Lorsqu’il fut monté dans sa chambre, il s’assit et éclata en sanglots. Il tremblait, il s’accusait d’être revenu trop tard. Il sentait bien que la faute n’était pas commise encore, mais il ne savait quel parti prendre pour réagir tout de suite et avec violence. Les paroles de la morte lui revenaient à la mémoire. « Quand vous serez homme, avait-elle dit, rappelez-vous mes paroles : elles vous répéteront ce qu’une femme peut souffrir… Je sais combien la solitude est lourde, et combien il faut d’énergie pour ne pas tomber. » Et voilà que Jeanne, dans sa solitude, manquait d’énergie, voilà qu’elle allait tomber.

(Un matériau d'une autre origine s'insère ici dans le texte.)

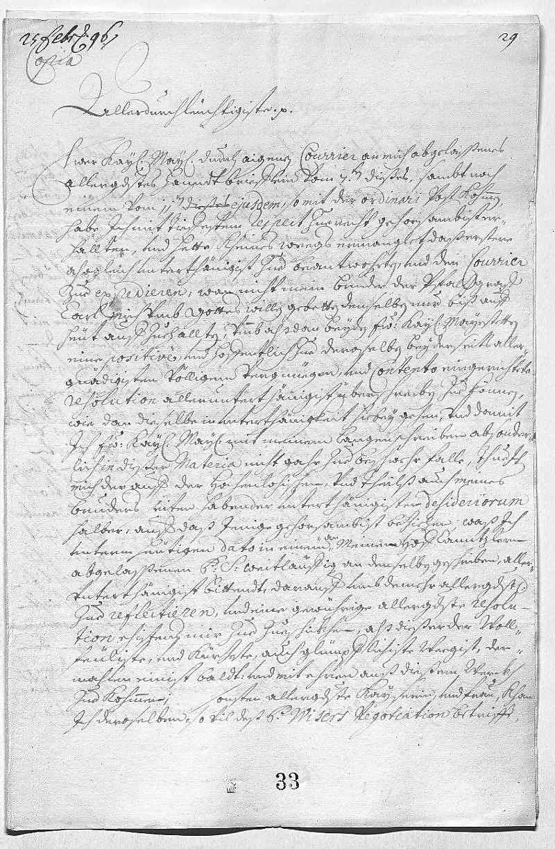 Johann Wilhelm von Pfalz-Neuburg an Eleonora Magdalena von Pfalz-Neuburg, Düsseldorf am 1696.02.25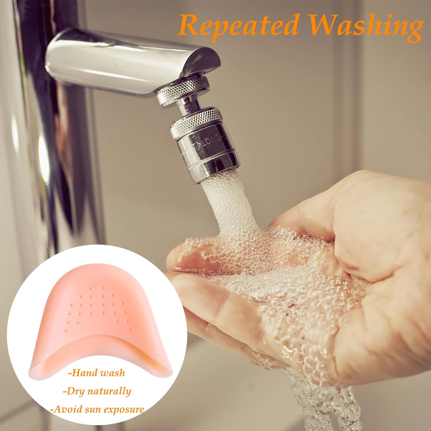 - Material: Please note that the two colors have different materials and textures! Thin-Pink Toe Cover: Cotton Fabric outside provide anti-slip and gel inside made gel toe pouch a comfortabel cushion. The Peach Color Toe Pad is made of silica gel with no cotton cover. Soft gel texture in direct contact with the skin, great extensibility, fits your toes better, and provides better protection for your toes. With breathable hole design, it has good breathing during walking, and keeps dry.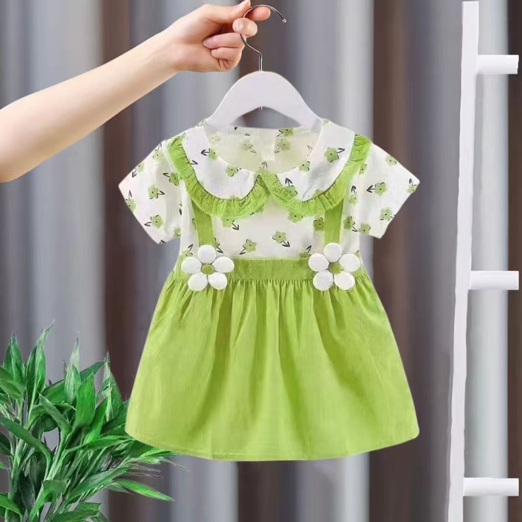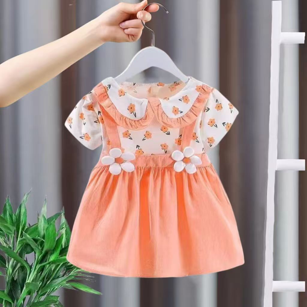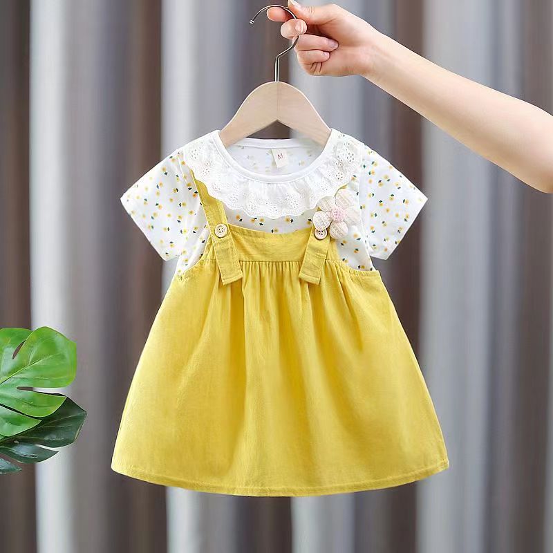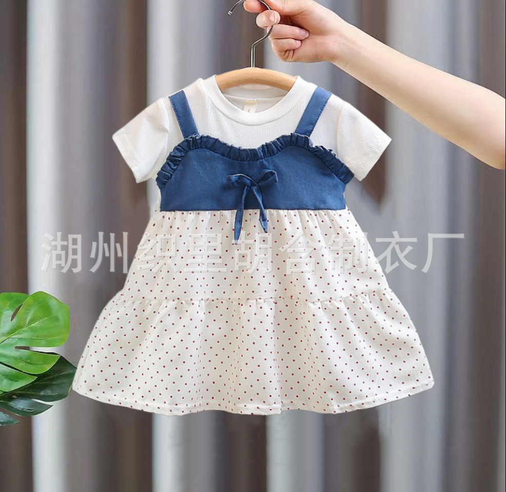 2026년 여름 신상 여아 라운드넥 원피스, 여자 아기 면 패션 멜빵 투피스 스타일 공주 드레스스토어 가기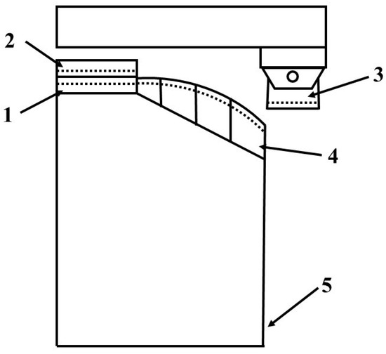 For the aforementioned 7075 aluminum alloy pipe, a follow-die bending mold was used for the bending process (Liaoning Zhongwang Group Co., Ltd., Liaoyang, China). The schematic diagram of the bending mold is shown in Figure 1, which details components 1 through 5. During the bending experiment, the pipe is first secured between the lower pipe clamping die (1) and the upper pipe clamping die (2) to ensure stability during the bending process. Subsequently, the upper bending die (3) and the lower bending die (4) apply pressure to the pipe from both the top and bottom directions, causing it to bend. The lower die support frame (5) provides the necessary support for the entire bending process, ensuring the stability of the mold.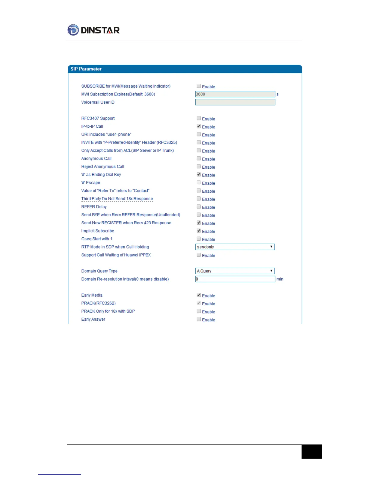 Dinstar FXS - SIP Parameter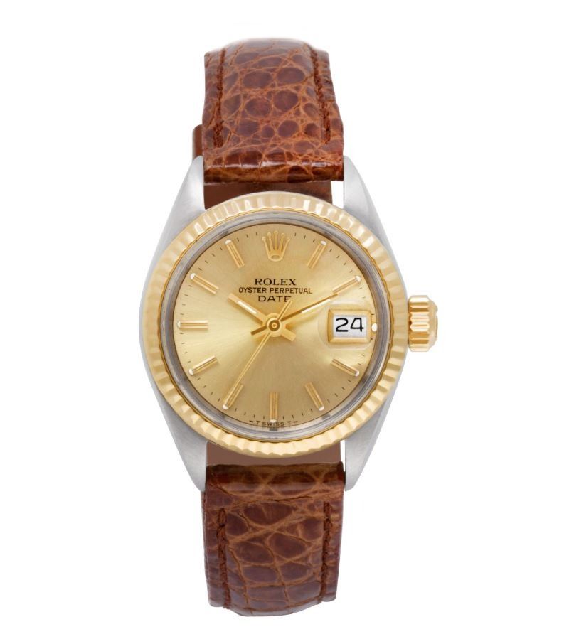 One Rolex Date Just 14KT Gold and Stainless Steel Ladies Wristwatch. Ladies Rolex Date in 14KT & stainless steel on brown crocodile strap. Automatic with sweep seconds and date. Model 6917. Circa 1969. Fine Pre-owned Rolex Watch. Case is 26mm by 26mm.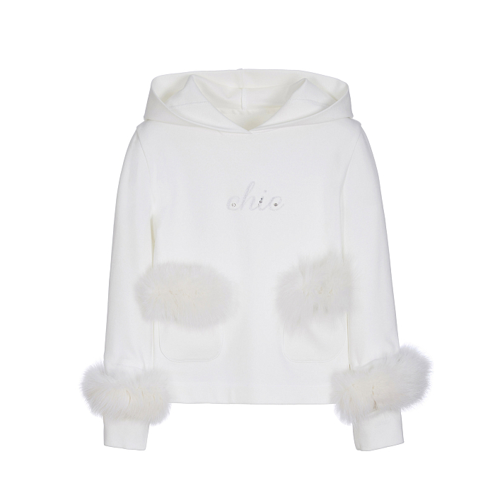 Белый джемпер для девочек с меховыми манжетами и принтом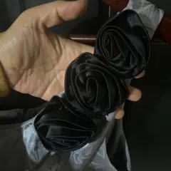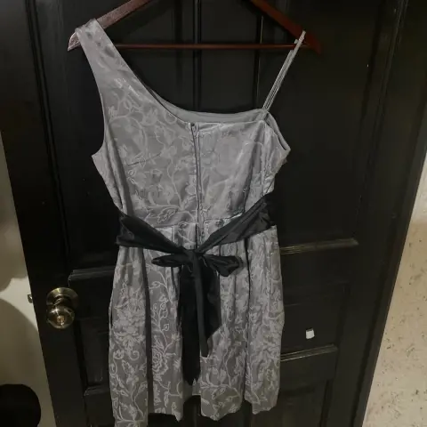 Hermoso vestido gris queda arriba de la rodilla, esta muy cómodo y elegante con rosas en satin en l parte frontal de lado izquierdo y cinta negra también de satin en la cintura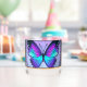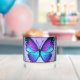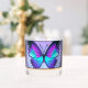 A vibrant butterfly with shades of blue and purple is centred within an ornate circular design, surrounded by intricate floral patterns and decorative jewels. The overall composition exudes a stained glass aesthetic with a harmonious blend of colours and symmetry.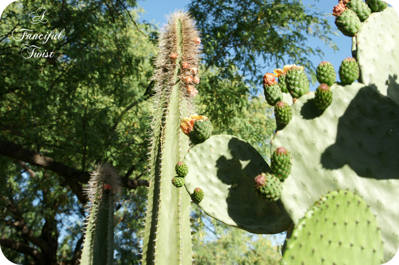 I love the unexpected glimpses of your colorful roses with the stark and heavy structure of the cacti in the background.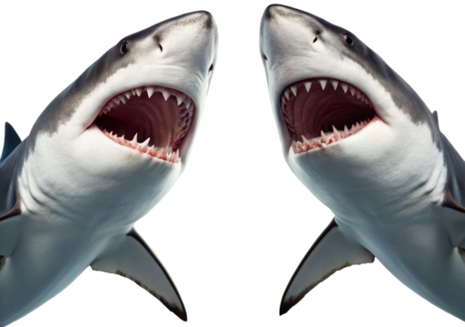 Powerful, menacing great white sharks with textured grey skin and sharp, jagged teeth are depicted in a dynamic upward-facing pose, mouths agape revealing pink, isolated on transparent background.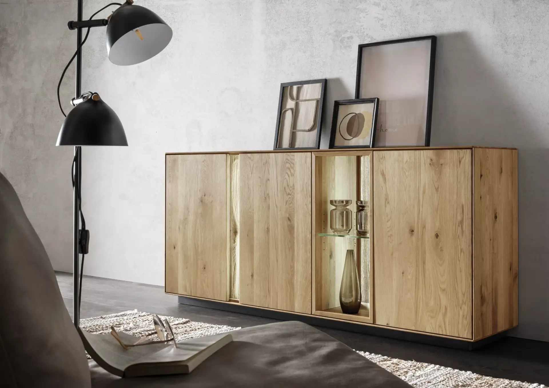 entsteht in echtes Highlight in jedem Raum. Im Mittelpunkt des Designs steht die perfekte Inszenierung von Massivholz und Lichteffekten in harmonisches Zusammenspiel zwischen der hauchdünnen Schattenfuge zwischen Deckenlatte und Seitenteil verleiht den Möbeln eine filigrane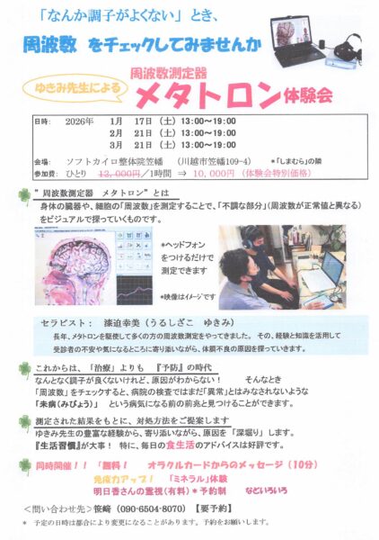会場 ソフトカイロ整体院笠幡 (川越市笠幡109-4 シマムラの隣)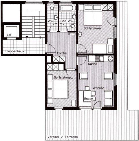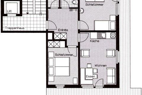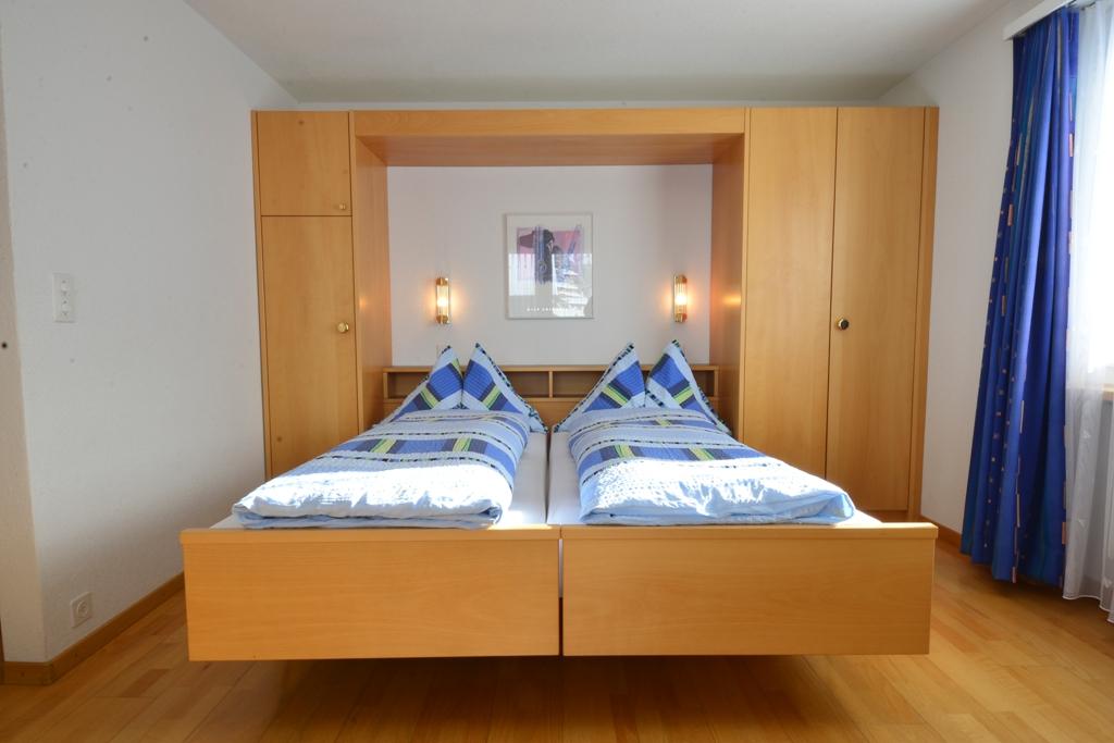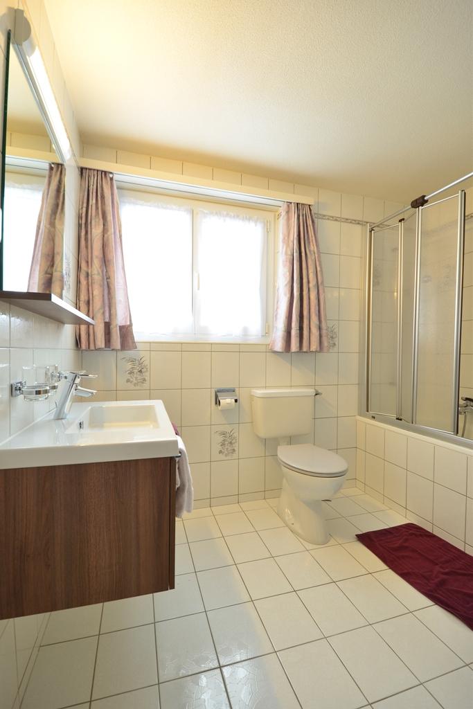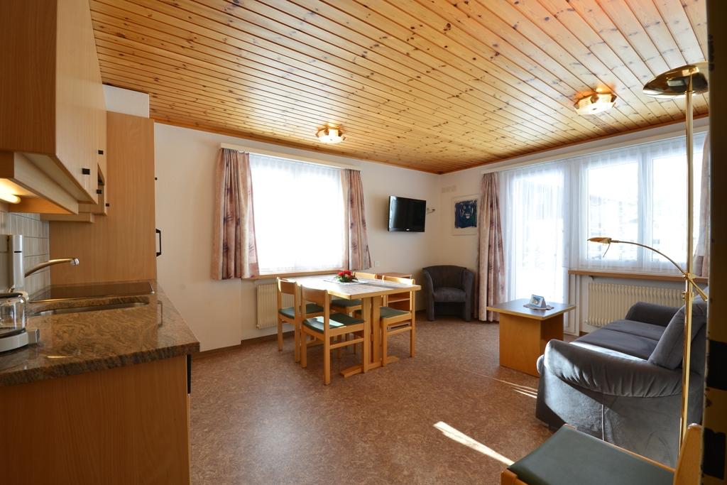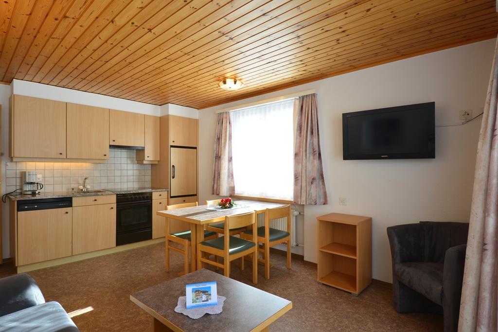 Moderne 3-Zimmerwohnung (5 Betten, 72 m2) im Erdgeschoss, Wohnküche (Esstisch, Polsterstühle, Farb-TV mit Flachbildschirm und Radio, Geschirrspüler), Doppelzimmer, Dreibettzimmer, Bad, separates WC, Süd-Terrasse, Telefonmiete möglich.

Daniel avait déjà trop souffert pour se mentir encore. Il comprenait que son amour le mordait de nouveau aux entrailles, et c’était par pudeur, par lâcheté qu’il ne le criait pas tout haut. Au Mesnil-Rouge, il avait eu une semblable crise, pendant une nuit obscure, sous une pluie froide. Alors, dans une fureur jalouse, il voulait arracher Jeanne à Lorin. Aujourd’hui, il cherchait à la défendre contre elle-même, à l’empêcher de prendre un amant, et il agonisait, avec les mêmes cris de désespoir et de souffrance.

Pour se tromper lui-même, il se donnait le prétexte de sa mission, il se disait qu’il accomplissait une tâche sacrée. Cette fois, il s’agissait de l’honneur de la jeune femme, de sa sérénité fière ou de ses remords. La lutte n’avait jamais été plus poignante ni plus décisive.

Puis, il riait de pitié, car il s’avouait qu’il se mentait, et que c’était son amour seul qui le poussait ainsi à vouloir le bonheur de Jeanne. Il se voyait à nu. L’honnête gardien était devenu un amant passionné qui ne veillait plus que par jalousie sur la femme qu’on lui avait confiée.

Et il serrait son front entre ses mains, il sanglotait, il cherchait avec angoisse à la sauver, à se sauver lui-même.

Puis, comme il ne trouvait rien, il prit une feuille de papier, et se mit à écrire à la jeune femme. Les larmes séchèrent sur ses joues, toute sa fièvre était passée dans sa main, qui courait, rapide.

Pendant deux heures, il ne leva pas la tête, il soulagea son âme. Sa lettre fut un élan d’amour, un flot de tendresse qui brisait les obstacles et qui se répandait largement. Toutes les affections toutes les adorations amassées trouvèrent une issue dans cette confession. Ce misérable se laissa aller à tout dire ; il n’avait même pas conscience de ce débordement ; il s’abandonnait à la force intérieure qui l’emportait, il vidait son cœur, parce qu’il étouffait et qu’il avait besoin d’air.

Lorsqu’il se sentit plus calme, il s’arrêta. Il ne relut même pas ce qu’il venait d’écrire. Il avait évité de se désigner clairement, et il ne signa pas.

Le lendemain, il fit remettre la lettre à Jeanne. Il ne savait quel en serait l’effet. Il espérait.